So there’s this fairytale place and special people live there who, like, hear, diamonds and are totally magical and shit, but then Others come and are mean to them until they all run away, but they leave some of their kids and diamonds behind because, I don’t know, baggage handling requirements, and there’s this amazing castle that nobody can get into but then the Others eventually do get into it, and it’s full of amazingly hot, pale people who apparently spawned themselves Biblical style by some committed, hardcore incesting. So then the incest-dragons who live in a fairytale castle in the Carpathians become Feudal nobility, and it’s all groovy, but one of their diamonds has turned evil, and people are starting to get pissed off because Feudalism is not a sensible system of government, yo, and then some random peasant nicks the evil diamond and a dragon princess, and things go bad, and it’s all bad, and the dragons start dying because … they do? Then the dragon princess arbitrarily kills the peasant and pegs it with the evil diamond, burying it under ground, before arbitrarily dying herself. And so all the dragons are dead and the evil diamond is buried, except it turns out there were other dragons somewhere else all along who are totally fine and not dead … and holy flaming prologue, Batman, what was any of that about?

I expect it’s probably about establishing the series premise but, ultimately, it’s still an entire prologue about some drákon who have nothing to do with the drákon in the book, and a diamond that also isn’t the diamond in the book. It is, however, testament to just how ludicrously lovely I found The Smoke Thief that my main reaction to this was not “what the hell, this is completely irrelevant” but, instead, “oh, this is beautiful, I like this, is there more?” And this isn’t a real whinge, it’s mainly bewilderment, and I will add that both the prologue and epilogue, with their slightly fairytale style, serve as gorgeous bookends to the main story.

As seems pretty typical for me, I found myself liking the heroine considerably more than the hero, although I also got the satisfying sense that they were very well matched, as they are both strong, clever and capable, without always being sympathetic. Having fled the drákon to avoid being forced into marriage with Christoff, Rue has made her career as a jewel thief, a wonderfully dragonish profession (and, incidentally, I just love how acquisitive and into shiny stuff the drákon are). Although much less openly aggressive than Christoff, she is, in her subtler way, just as savage, sharp and ruthless as he is and I liked the way the power balance remained pretty equal between the two of them, despite Christoff’s constant attempts to tip it in his favour. I also felt they both came across as distinctly paranormal creatures, not merely as humans with extras. Their morality, their passions and their values seemed noticeably (and, occasionally, unpleasantly) their own; and their ability to shift from human, to smoke, to dragon is portrayed as being inextricable from who they are, and plays an important role in their developing relationship.
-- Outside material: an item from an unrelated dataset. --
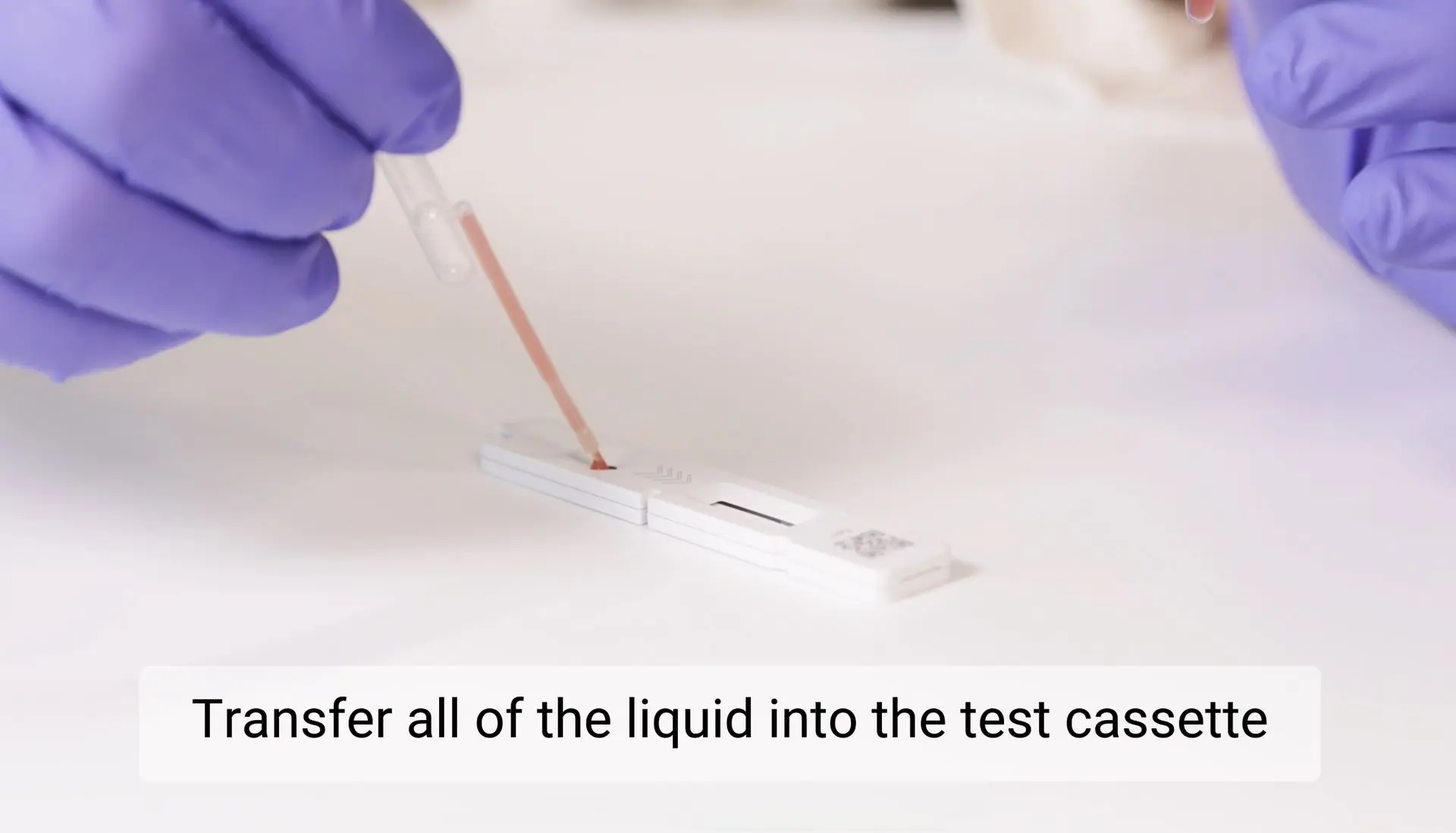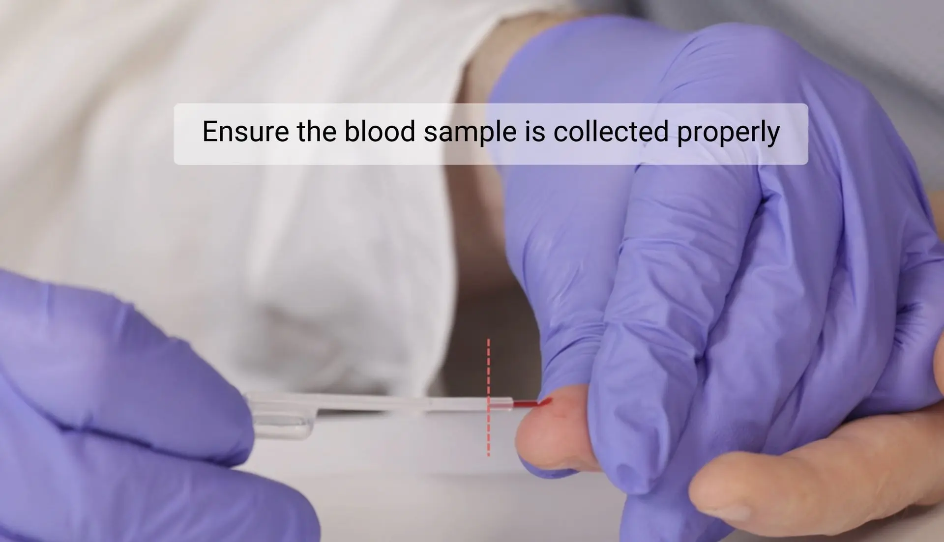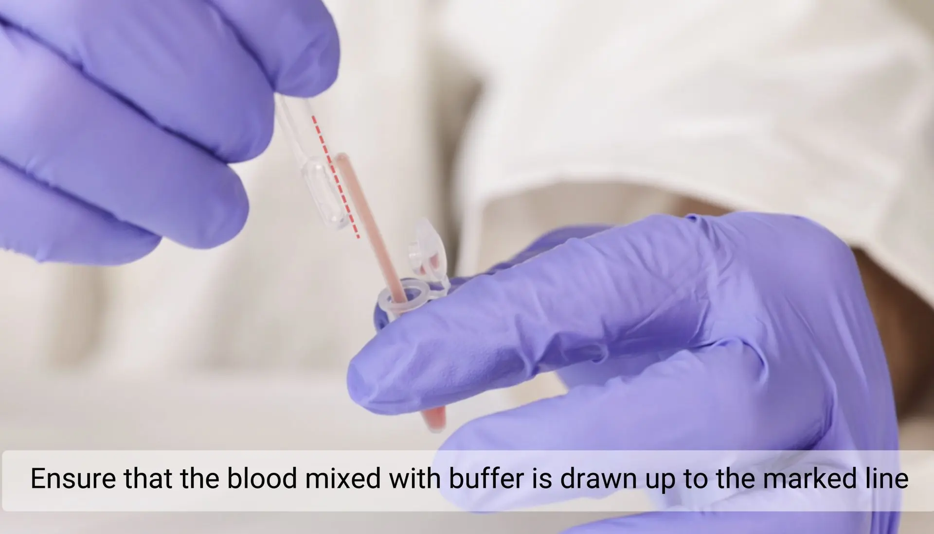 Gently press the top of the pipette to collect the mixed blood and buffer up to the indicated mark.

Christoff, however, I wavered on. I will admit the language sort of seduced me into being into him and there’s enough vulnerability there to lend sympathy to some of his more alphatastic behaviour. It’s a bit ‘poor little all-powerful uber-dragon’ but he’s just as trapped by his role, and the expectations of it, as anyone else in his world:

He thought of all the times he’d wanted to run himself, to escape Darkfrith. He looked out at the stars thrown cross the cold sky and envy of [Rue] speared through him bright as pain – just a flash, and then he smothered it. (p. 39)

And, although he’s relentless in his pursuit of Rue, he’s driven as much by his loneliness as by, y’know, his overwhelming manly need to possess her:

But, beneath his look was something even worse. Beneath it was something that flickered and caught in her chest, tenderness and recognition and a sparse, empty ache that seemed to penetrate her very being. (p. 139)

There’s no denying he’s kind of a dick a lot of the time, and the bit when he threatens to murder a child unless Rue marries him is kind of a nadir even for a dragon operating under a different set of moral values, but he’s also clearly a rather sad and stifled dick, which made him slightly more bearable than is probably right or fair. Towards the end of the book, I was even starting to feel he might be about to change and grow as a person:

He was tired of her hostility. He was tired of trying to woo and manage her at once. She was too intelligent for blandishments and too independent to bow to his will just because he wanted her to. (p. 169)

Oh, yes, Christoff! Yes! Well done. You’ve finally noticed that Rue is a real person, with wants and needs that may be divergent from your own. Good on you, my lad, good on you. Perhaps you should, y’know, try actually talking to her? But then, literally a handful of pages later as they get their dragon-bonk on behind a painted screen at a ball:

Rape or seduction. He would take either. (p. 186)

Picard Facepalm

Bad dragon. No biscuit. I think what really confused me about this line was that it came out of nowhere, like a cartoon anvil, when they were already having perfectly consensual sex. And I understand it’s probably meant to convey the primal urgency of Christoff’s passion but, dragon or not, I can’t readily imagine the thought process that develops from “I’m really enjoying this consensual sex we’re having” to “This consensual sex we’re having is so damn good, that if it wasn’t consensual, I wouldn’t care.” That’s just kind of insane.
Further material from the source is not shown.